In dieser empirischen Studie über den Einfluss des organisatorischen Kontextes auf kollektive Handlungsorientierungen in der Lehre sollen die wechselseitigen Zusammenhänge der unterschiedlichen Steuerungs- und Verwirklichungsebenen der Erwachsenenbildung erkundet werden. Das Ziel ist die wissenschaftliche Identifikation der Bedingungen und Faktoren jenseits der individuellen Lehrkompetenz der Lehrenden, also die professionelle wirksame Anregung und Förderung der Lernprozesse von Erwachsenen durch das organisatorische Umfeld.

Die Autorin untersucht die Frage, wie didaktische Orientierungen in der pädagogischen Praxis strukturell verankert sind. Der Begriff der Orientierung beschreibt dabei die konjunktiven und impliziten Wissensformen, die das praktische Handeln und das Denken zum Lehren beeinflussen.

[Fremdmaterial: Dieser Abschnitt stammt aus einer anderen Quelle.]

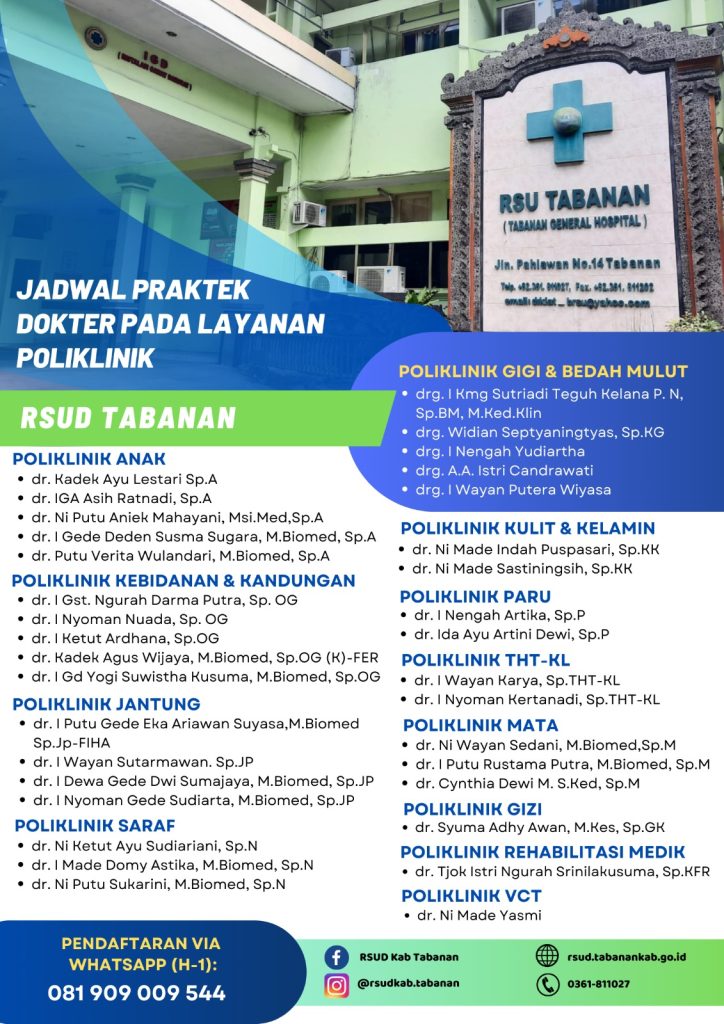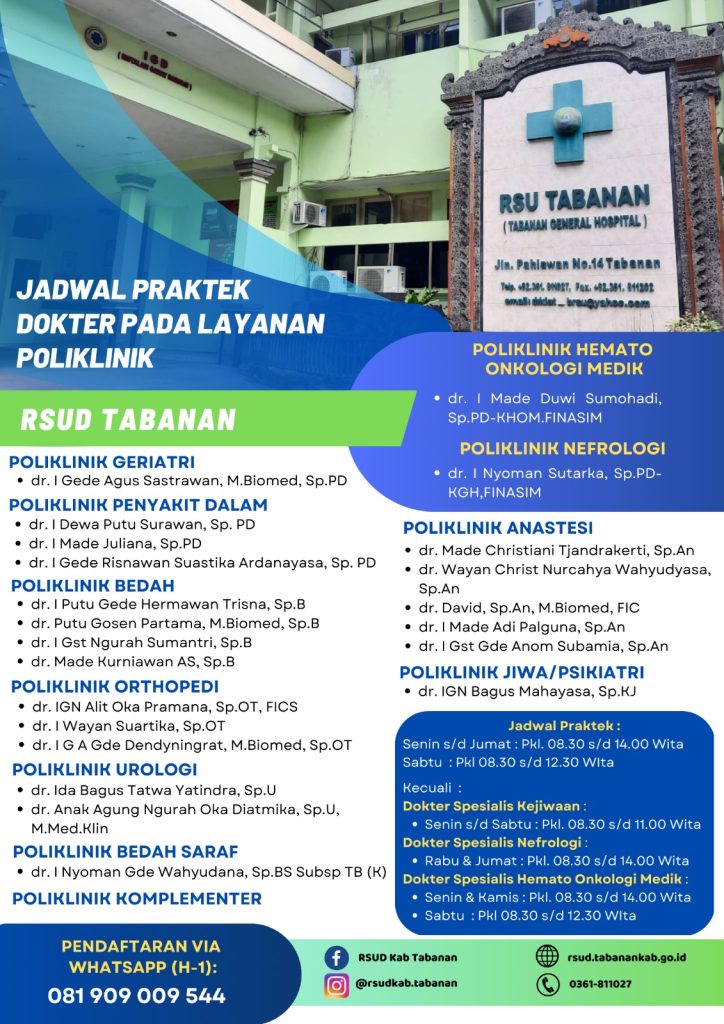 Jam Pelayanan Dokter Spesialis Di Poliklinik RSUD Tabanan
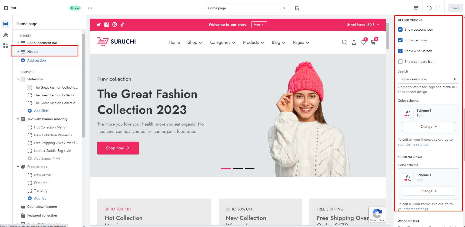 Boxed: With boxed width, page content can be displayed within the maximum width. The page width can be changed in Theme Settings > Layout.

Es geht insbesondere darum, die impliziten und handlungsanleitenden Wissensformen über das Lehren in erwachsenenpädagogischen Organisationen zu untersuchen und daraus eine organisationspädagogische Anreicherung der didaktischen Theorie in der Erwachsenenbildung sowie der organisationspädagogischen Theorie abzuleiten.

Autorin

Dr. Julia Franz ist Professorin für Erziehungswissenschaften mit dem Schwerpunkt Erwachsenenbildung und Weiterbildung an der Eberhard Karls Universität Tübingen.

Entstehungshintergrund

Trotz der zunehmenden Diskussion um die Gestaltung von Lernarrangements mit dem Ziel selbstorganisierter Lernprozesse dominieren in der Erwachsenenbildung nach wie vor die Lehrveranstaltungen mit formellen Charakter. In dem Forschungsprojekt der Autorin stand deshalb die Frage im Vordergrund, wie die didaktischen Orientierungen in der Praxis der Erwachsenenbildung strukturell verankert sind. Dabei kombiniert sie eine hypothesengenerierendes Verfahren mit einem qualitativ-rekonstruktiven Design sowie einem fallanalytischen Vorgehen.

Aufbau und Inhalt

Zunächst arbeitet die Autorin den Forschungsstand zum Lehren in der Erwachsenen- und Weiterbildung heraus und zeigt auf, dass es bisher nur wenige empirische Erkenntnisse über Orientierungen in der Lehre der Erwachsenen- und Weiterbildung gibt.

Im zweiten Kapitel werden zunächst der thematische Kontext der Untersuchung und damit die theoretischen Implikationen der Forschungsfrage vorgestellt. Der Forschungsgegenstand der Studie, das Phänomen des Lehrens, wird theoretisch reflektiert. Danach werden die theoretischen Vorannahmen zu den erwachsenenpädagogischen Organisationen dargestellt und das Forschungsfeld der Allgemeinen Erwachsenenbildung eingegrenzt.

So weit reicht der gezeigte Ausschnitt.